Supreme Court of North Carolina
May 1, 1933
169 S.E. 220 (N.C. 1933)

Opinion

(Filed 10 May, 1933.)

Constitutional Law G b: Execution K a — Execution against person of nonresident will not lie where resident would not be subject thereto.

Under the provisions of Article IV, sec. 2, Amendment XIV, sec. 1, of the Constitution of the United States, a state may not grant to its citizens privileges or immunities not afforded to those of other states, and a nonresident may not be held liable to arrest and bail in a civil action not arising out of contract in cases where a resident of the State would not be subject thereto, and to the extent of the discrimination C. S., 768 is void, and execution against the person of a nonresident defendant may not issue in an action for damages resulting from an automobile collision in this State where the jury does not find that the injury was wilful or wanton, since a resident defendant would not be subject thereto.

APPEAL by plaintiff from Cowper, Special Judge, at February Term, 1933, of RICHMOND. No error.

W. R. Jones for plaintiff.

T. D. Bryson, E. C. Bryson and Fred W. Bynum for defendant.


The plaintiff brought suit to recover damages for personal injury caused by the negligence of the defendant resulting in the collision of automobiles on a highway near Rockingham. The jury returned the following verdict:

1. Was the plaintiff injured by the negligence of the defendant as alleged in the complaint? Answer: Yes.

2. If so, were the acts of the defendant complained of, committed in a wilful and wanton manner as alleged in the complaint? Answer: No.

3. What amount of damages, if any, is plaintiff entitled to recover of the defendant. Answer: $1,250.

4. Is the defendant a nonresident of the State of North Carolina? Answer: Yes. (By consent.)
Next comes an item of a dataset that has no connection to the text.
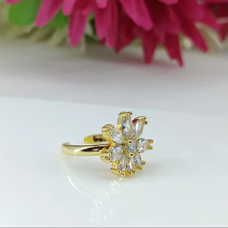 Stylish flower cluster ring made in sterling silver with brilliant marquise stones and gold finish, creating a modern elegant statement look.
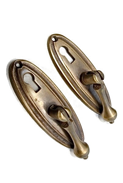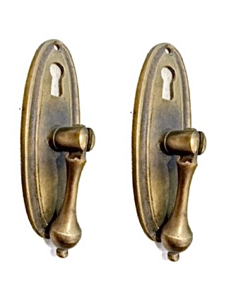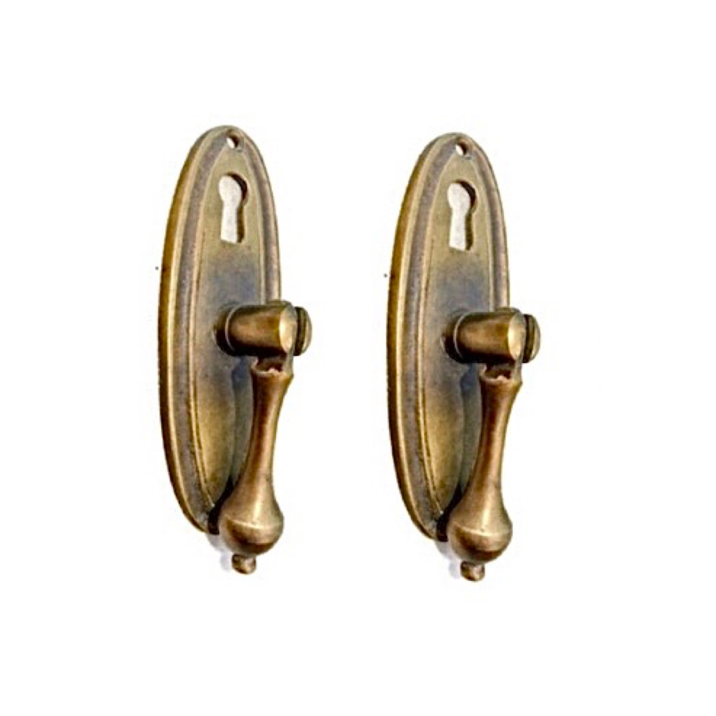 2 heavy antique style DRAWER PULLS Drops KITCHENS doors solid brass antique colour

The plaintiff tendered a judgment authorizing an execution against the person of the defendant in the event of the return of an execution against the property of the defendant unsatisfied in whole or in part and his failure to pay the amount of the judgment. The court refused to sign this judgment, and adjudged that the plaintiff recover of the defendant the sum of $1,250 with interest and that the defendant, who had been held to bond under proceedings in arrest and bail, be discharged and that his bond be canceled and his sureties released from liability.

The plaintiff excepted and appealed.


On a cause of action not arising out of contract the defendant may be arrested in a suit for the recovery of damages for injury to the person which has been inflicted intentionally or maliciously — that is, when the act is characterized by fraud, wilfulness, wantonness, or criminality, but not when it is merely negligent or accidental. Oakley v. Lasater, 172 N.C. 96; Weathers v. Baldwin, 183 N.C. 276; Coble v. Medley, 186 N.C. 479; Short v. Kaltman, 192 N.C. 154; Braxton v. Matthews, 199 N.C. 484.

The verdict establishes the fact that the defendant's conduct was not wilful and wanton; but it is provided by statute that the defendant may be arrested in a suit for damages founded on a cause of action not arising out of contract "where he is not a resident of the State." C. S., 768. The validity of this provision, which is the basis of the plaintiff's action, is assailed and denounced by the defendant. It will be observed, therefore, that the controversy is reduced to the single question whether a defendant who in this State has negligently injured the person of another can be subjected to proceedings in arrest and bail on the sole ground that at the time of the injury he was a nonresident of North Carolina; and this question involves the constitutionality of the contested clause of the statute.

The Constitution of the United States provides that the citizens of each State shall be entitled to all privileges and immunities of citizens in the several states, and that no State shall make or enforce any law which shall abridge the privileges or immunities of citizens of the United States. Article IV, sec. 2; Amendment XIV, sec. 1.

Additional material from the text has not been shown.